I do not have to tell you nor remind you of what ails America, nor do I have to remind you of the protests, the verdicts, the unrest. But what I do want to point out is that all of the aforementioned occurrences are sheer reactions to a broken justice system. Now our system, the educational system is just as broken. It may not be causing bodily harm to our students, but we, the educators, the leaders of this campus have said something, assigned an assignment or exam, or implemented a process/procedure that has created institutional barriers which prohibit our students from being their magnificent selves in the classroom, therefore truncating their growth and development as young men and women. We need to fix that; we need to fix us; we need to fix our classrooms. We need to fight for educational freedom. We need to change!

Bettina Love in her book, We Want to do More than Survive: Abolitionist Teaching and the Pursuit of Educational Freedom defines abolitionist teaching as “choosing to engage in the struggle for educational justice knowing that you have the ability and human right to refuse oppression and refuse to oppress others, mainly your student” (11). She goes even further as to claim “Abolitionist teaching asks educators to acknowledge and accept America and its politics as anti-Black, racist, discriminatory, and unjust and to be in solidarity with dark folx and poor folx fighting for their humanity and fighting to move beyond surviving” (12). I want to point out that Love is calling all of us as educators to become abolitionists and set the minds of our students free in order to thrive and not merely survive. This will in turn set their bodies free – free to bring their full authentic selves to the classroom and to discussions in class. The great abolitionists both recognized and not put their lives on the line to ensure that those who were enslaved both mentally and physically were freed from a system that sought to hold them captive for the rest of their lives and the rest of the lives of generations after them. And we need to be emboldened and empowered to liberate our students from unclear graduation pathways, unclear and unrealistic assignment/exam requirements, antiquated classroom pedagogy and methodologies, and faculty and staff who make generalizations and tiny racist comments of our colleagues. We can make the change!
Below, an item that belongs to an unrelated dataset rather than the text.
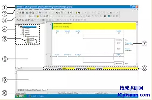 本節(jié)中描述了CX-Programmer主窗口中的各個部分名稱和功能(如圖2-4,2-5)。關(guān)于CX-Programmer功能和操作的詳細信息,請參考CX-Programmer在線幫助。
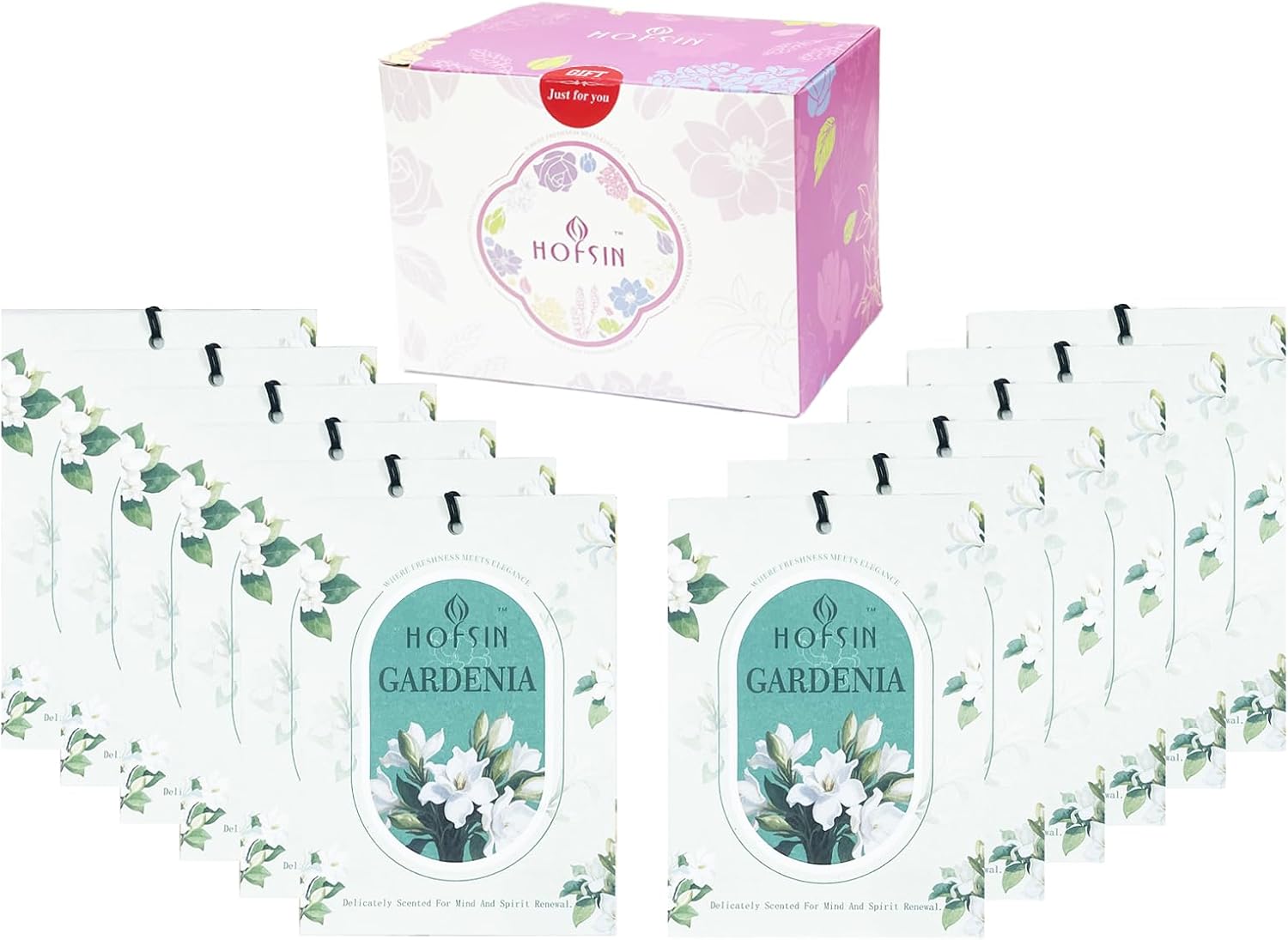 12 Packs Fragrance Bags with Hanging Strings, Air Freshener Deodorizer for Closet and Drawer,6 Scents Option- Lavender,Magnolia,Jasmine,Rose,Osmanthus,Gardenia (Gardenia)

It is quite evident from the verdicts in the courts, the protests in the streets, the bodies in the streets that we have not been freed from the institution of racism that has plagued this country from its founding. It is evident when we continue to teach material in class that is not representative of our minority majority serving campus. It is evident when we facilitate discussions in class that empower and embolden the oppressive viewpoints of a few while harming the many. I know some of you who are reading this belong to ally groups both visible and invisible, and I thank you because we need your voices, support, and love. I know some of you belong to task forces, working groups, councils, and other leadership positions that are trying to work to see some of these systems dismantled and replaced with good meaning policies and procedures. So please, keep working, keep pushing, keep fighting. But have we seen anything change? Any real change? Any long lasting change? Love puts it best when she says “[We] must move beyond feel-good language and gimmicks to help educators understand and recognize America and its schools as spaces of Whiteness, White rage, and White supremacy, all of which function to terrorize students of color” (13). If you disagree with that sentence, I beg you to really listen to the responses of our colleagues as they respond to discussions of racism and students of color in meetings and FLEX sessions. Read between the lines of what is not written in email threads. Read what is on their syllabi. Look at the work that has not been done. 
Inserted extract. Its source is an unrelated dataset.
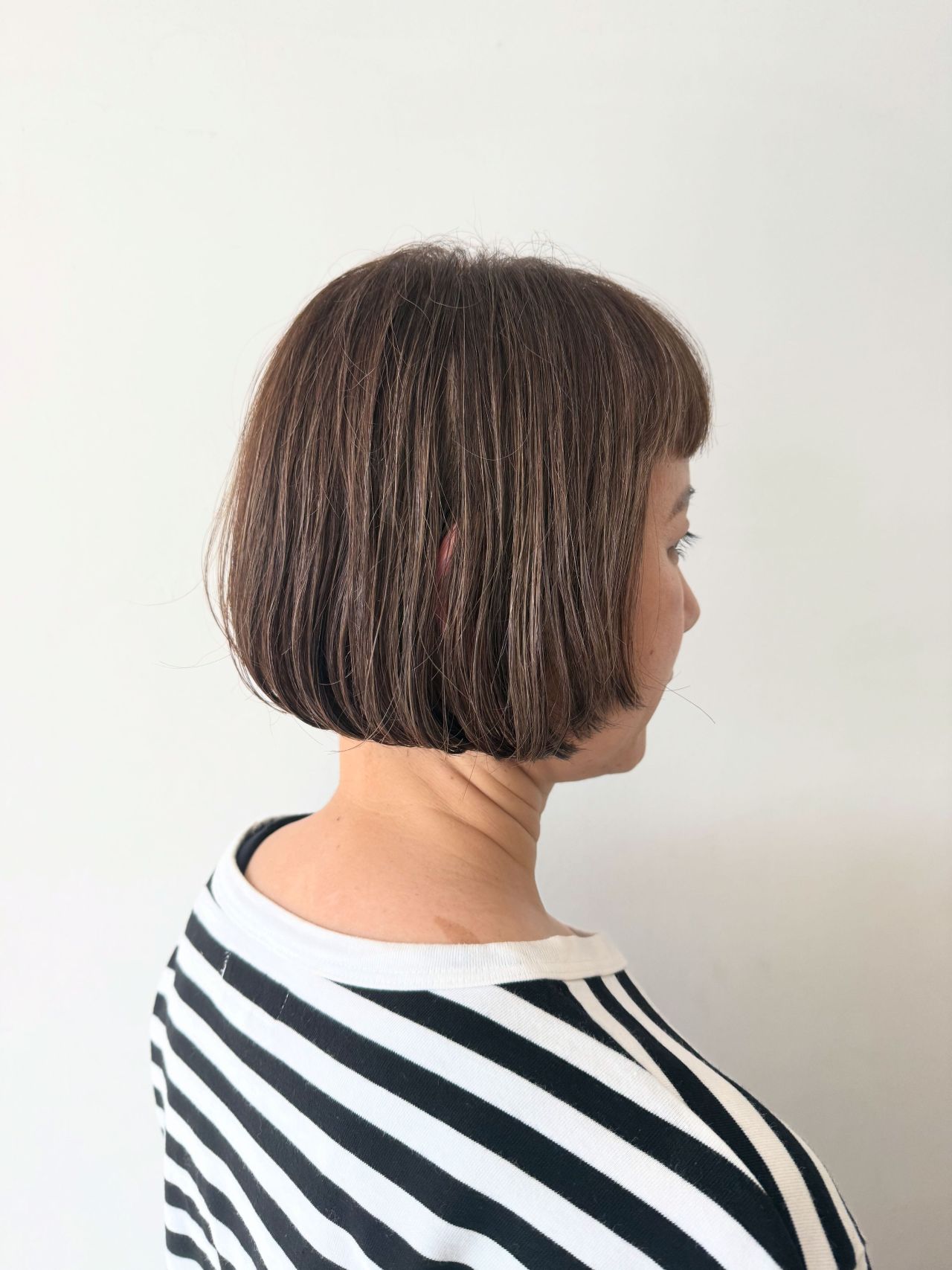 このようにぱつっともふっとボブで首元すっきりヘア♡タートルネックと合わせても素敵です!

As a campus, department, discipline, and district, now is our time to show our students and the students after them, and the students after them that they matter. We have the people in place, the money in place, the training in place to really transform RCC in the name of Educational Social Justice. We can do it, so lets do it!

I leave you with these questions as we start thinking about Ant-Racist Practices and Pedagogy:

  1. Is there racism in the educational system? 
  2. What is your definition of Anti- racist teaching or abolitionist teaching?
  3. Do you take into consideration students’ race or even your own when you enter a classroom?
  4. Why would educators be resistant to making changes in order to implement culturally relevant texts and pedagogy?
  5. Why are we still talking about race and racism in 2020?
  6. Bonus question (do not respond in blog). What are some biases, prejudices,  preferences, fears that you’ve had to admit you have as you’ve worked with faculty,  staff,  and students? 
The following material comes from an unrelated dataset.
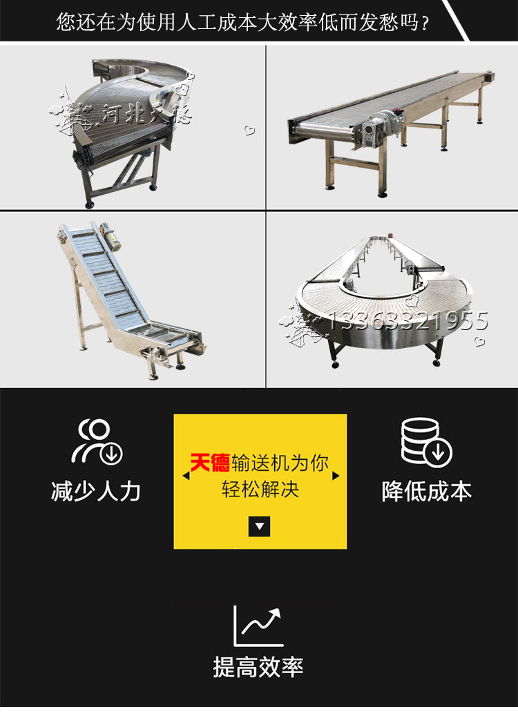 輸送機(jī)應(yīng)用行業(yè):食品、冶金、電力、煤炭、化工、建材、碼頭、糧食等。輸送機(jī)結(jié)構(gòu)形式: 水平直線輸送、提升爬坡輸送、轉(zhuǎn)彎輸送等多種形式,輸送帶上還可增設(shè)提升擋板、側(cè)擋板等附件,能滿足各種工藝要求。

This is Part 1 of a post on anti-racist teaching practices. To read Part 2, click here.

7 thoughts on “Anti-Racist Teaching Practices – Blog Part 1

  1. Janelle Arafiles

    Hello friend,
    Thank you for your thoughtful post and introduction to Love’s work. Even if one were to read those citations without regard for Love as a name by as a noun, I feel those statements would still ring true. Love calls us to be abolitionists for our students to thrive.
    This week, my 1A students are discussing Teju Cole’s work, “Black Body,” and it’s quite uncomfortable and confusing for them (we’re still working on being able to understand the entire picture, but we’re getting there with guidance). Beyond seeing the essay as a statement regarding the unfairness of judging one by their skin color, they are unsure of how to respond to Cole’s provocation: “What now?” Honestly, I think it’s something a lot of us are still trying to answer. What do we do now?
    The educational system is broken in more ways than one. Racism is alive and well. And as Cole puts it, has donned an “impressive camouflage.” I was brought up in the public educational system that bred the ideals that America is a melting pot — a place where we celebrate what makes us different, but also blend together in a way that the rest of the world doesn’t get to experience. I’ve felt some truth to that, but it’s not enough to cultivate freedom and reparation.
    I think a lot of educators refrain from integrating culturally relevant texts for fear of ruffling feathers. Differences can make people uncomfortable or contest what they were raised to believe. However, I think that’s the beauty of the collegiate experience. We have the opportunity to celebrate what makes us different and provoke a new, broader, and more intentionally kinder way of thinking. Broaching these subjects requires love for the individuals we serve and partnership for change.
    Humans don’t like change. It’s an uncomfortable process that requires real work and accountability. As George Santayana put it, “Those who cannot remember the past are condemned to repeat it.” Just as one would model proper methodologies for their class, we must model what real change looks like if we ever expect to see a break in the cycle. Just as conflict resolution in the home can make for an uncomfortable discussion, it’s the only way healing and strengthening of relationships can begin.

    Liked by 4 people

    1. Hi Janelle,

      I appreciate what you mention about the fear of integrating culturally relevant texts. I think this is one reason why it’s so important for us to integrate such texts in this environment. You’re absolutely right that the beauty of the collegiate experience is that we get to broach these subjects while also creating a “safe space” for discussion, questioning, and eventually, change.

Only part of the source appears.